START Supplied records

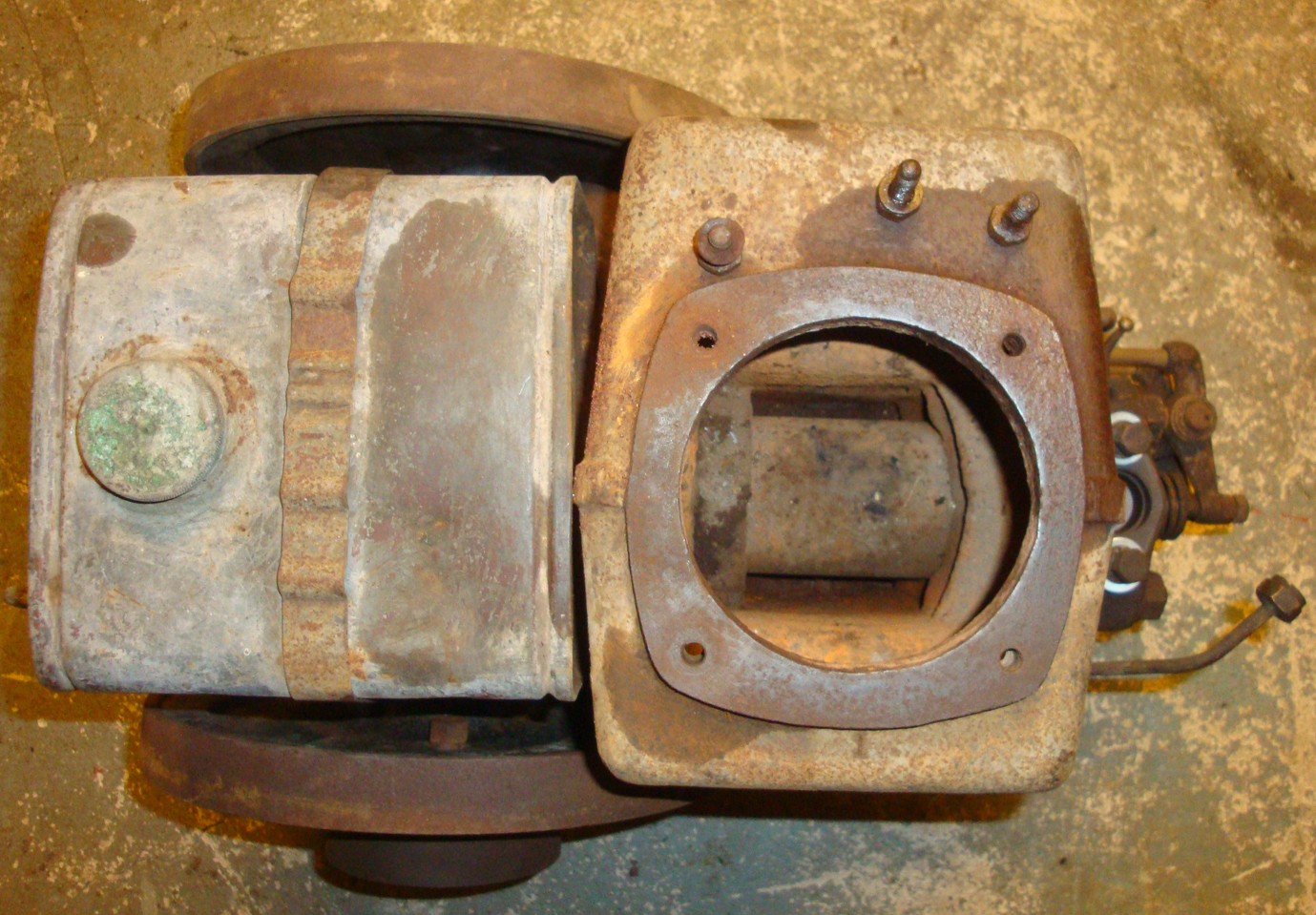 Ich könnte mir vorstellen, daß oben eine zweite Rohrverbindung aufgeflanscht war, durch die das von unten
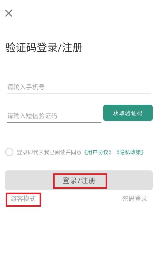 2、进入之后输入信息点击登录/注册,不想注册的话就点击游客模式;
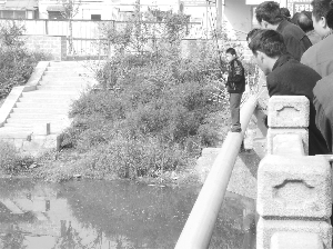 27日上午9點(diǎn)多,拖板橋南側(cè)站滿了看熱鬧的市民。大家都扒在橋欄桿上,向河里探頭張望,一個二十多歲的小伙子翻過橋欄桿,站到臨河四五米的管道上釣魚。這條黃色的管道直徑只有三十厘米,圓溜溜的,很難掌握平衡,但小伙子毫不在意,拿著一根魚竿,目不轉(zhuǎn)睛地盯著河面。
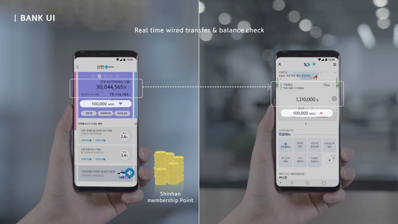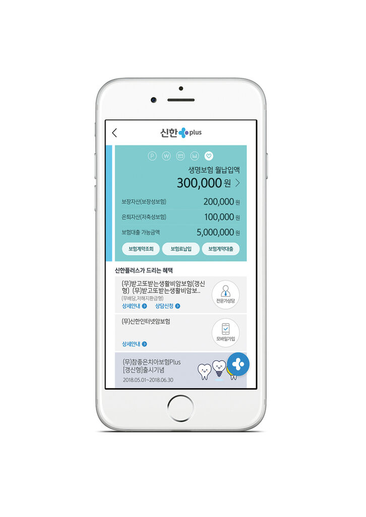 ShinhanPlus is a mobile application that combines four different service apps of the Shinhan Financial Group. These include banking, credit card, investment and insurance services. Customers can thus access all their financial information through one single user interface. The different financial services are presented in a consistent design, but are easily distinguishable through the use of different colours for each service area. The colour scheme is easy on the eyes and ensures good readability of the numbers. A global context menu allows quick switching to a different service area.
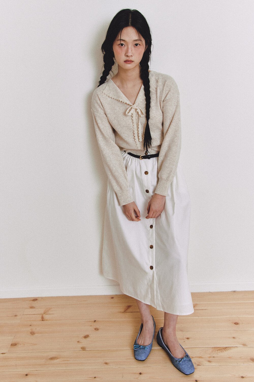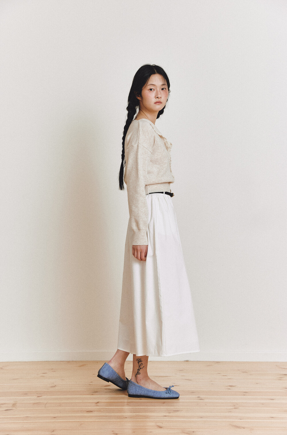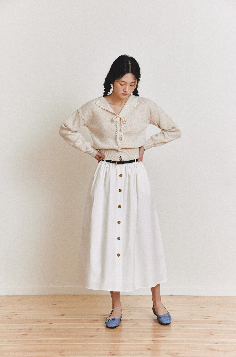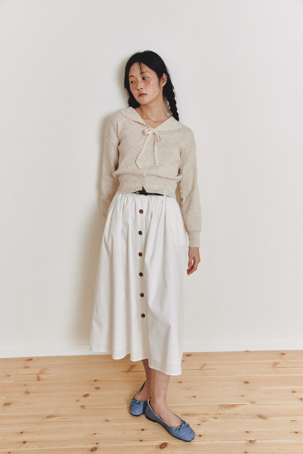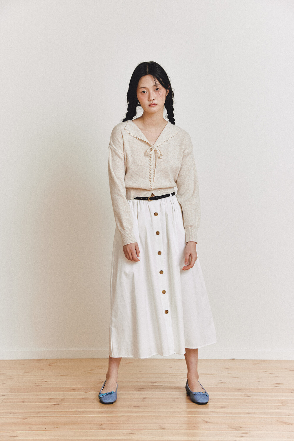 탄탄한 40수 옥스퍼드 원단으로 제작된 롱 스커트입니다.
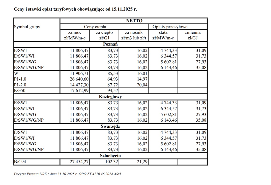 VEOLIA ENERGIA POZNAŃ S.A. informuje, że na podstawie decyzji Prezesa Urzędu Regulacji Energetyki, ulegają zmianie ceny i stawki w zakresie wytwarzania, przesyłania i dystrybucji ciepła (decyzja z dnia 31.10.2025 r. OPO.ZT.4210.46.2024.ASz1). Nowe ceny i stawki opłat za ciepło obowiązują od dnia 15.11.2025r. dla mieszkańców naszych zasobów w Koziegłowach oraz w Poznaniu.
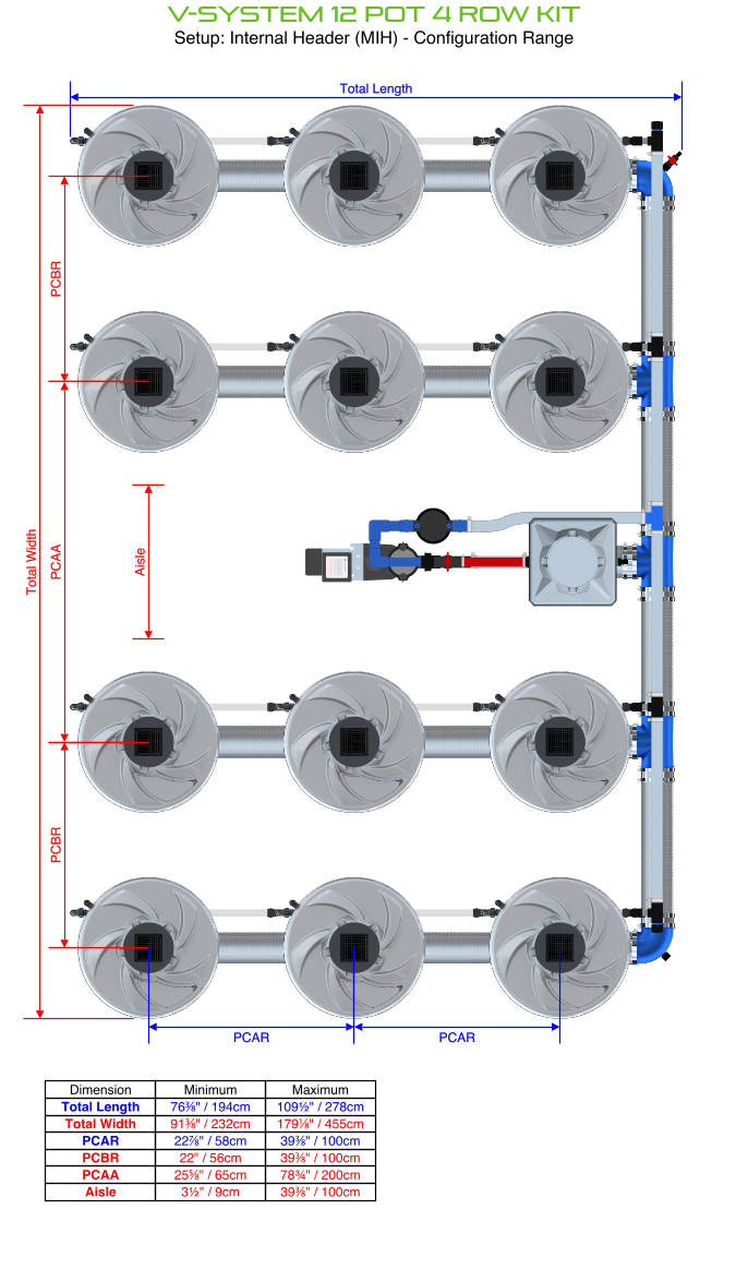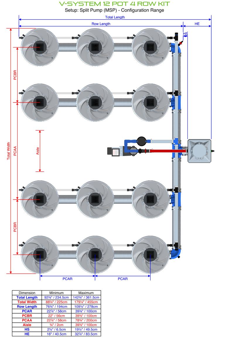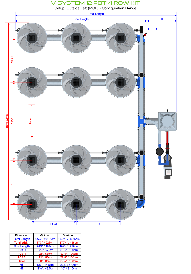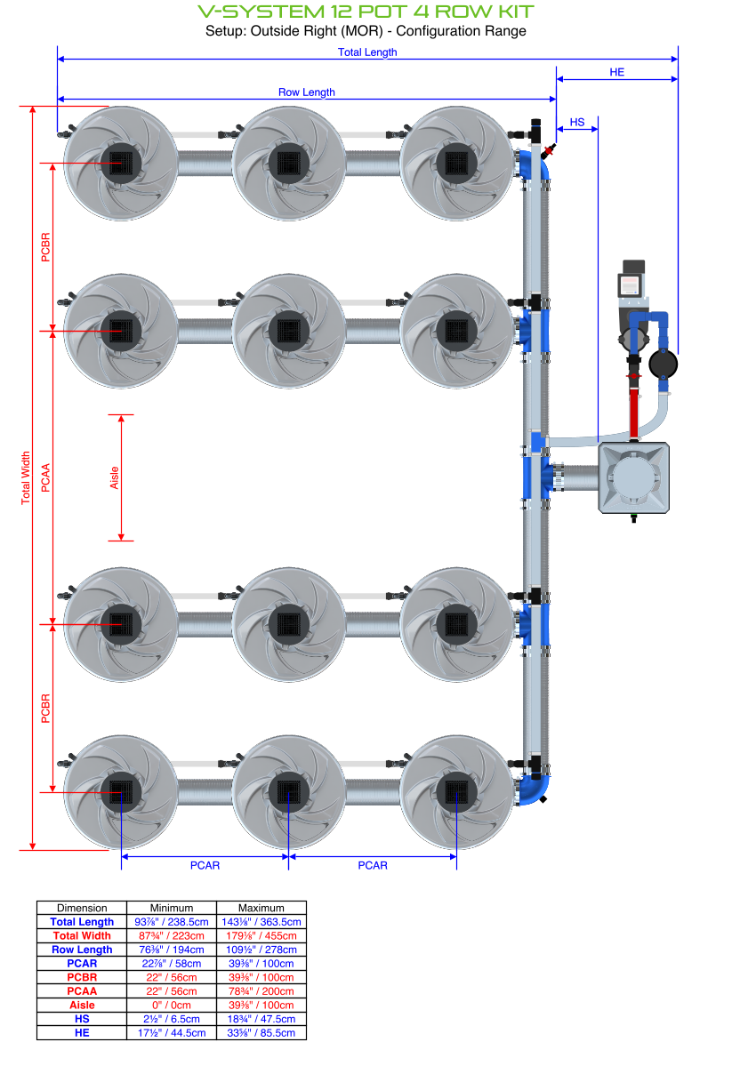 The ALIEN V-SYSTEM 12 Pot 4 Row Kit has 4 layout options for header and pump placement to best fit your grow area. The header and pump can be placed outside a grow tent / room, or made as compact as possible. Easy to configure and assemble with advanced features and setup options including the ability to create an aisle in the middle of rows for complete plant access, grow 12 plants to perfection in the ultimate recirculating deep water culture with this ALIEN V-SYSTEM Kit!

END Supplied records

Copy out the entries verbatim and leave the images out.

 Ich könnte mir vorstellen, daß oben eine zweite Rohrverbindung aufgeflanscht war, durch die das von unten
 2、进入之后输入信息点击登录/注册,不想注册的话就点击游客模式;
 27日上午9點(diǎn)多,拖板橋南側(cè)站滿了看熱鬧的市民。大家都扒在橋欄桿上,向河里探頭張望,一個二十多歲的小伙子翻過橋欄桿,站到臨河四五米的管道上釣魚。這條黃色的管道直徑只有三十厘米,圓溜溜的,很難掌握平衡,但小伙子毫不在意,拿著一根魚竿,目不轉(zhuǎn)睛地盯著河面。
 ShinhanPlus is a mobile application that combines four different service apps of the Shinhan Financial Group. These include banking, credit card, investment and insurance services. Customers can thus access all their financial information through one single user interface. The different financial services are presented in a consistent design, but are easily distinguishable through the use of different colours for each service area. The colour scheme is easy on the eyes and ensures good readability of the numbers. A global context menu allows quick switching to a different service area.
 탄탄한 40수 옥스퍼드 원단으로 제작된 롱 스커트입니다.
 VEOLIA ENERGIA POZNAŃ S.A. informuje, że na podstawie decyzji Prezesa Urzędu Regulacji Energetyki, ulegają zmianie ceny i stawki w zakresie wytwarzania, przesyłania i dystrybucji ciepła (decyzja z dnia 31.10.2025 r. OPO.ZT.4210.46.2024.ASz1). Nowe ceny i stawki opłat za ciepło obowiązują od dnia 15.11.2025r. dla mieszkańców naszych zasobów w Koziegłowach oraz w Poznaniu.
 The ALIEN V-SYSTEM 12 Pot 4 Row Kit has 4 layout options for header and pump placement to best fit your grow area. The header and pump can be placed outside a grow tent / room, or made as compact as possible. Easy to configure and assemble with advanced features and setup options including the ability to create an aisle in the middle of rows for complete plant access, grow 12 plants to perfection in the ultimate recirculating deep water culture with this ALIEN V-SYSTEM Kit!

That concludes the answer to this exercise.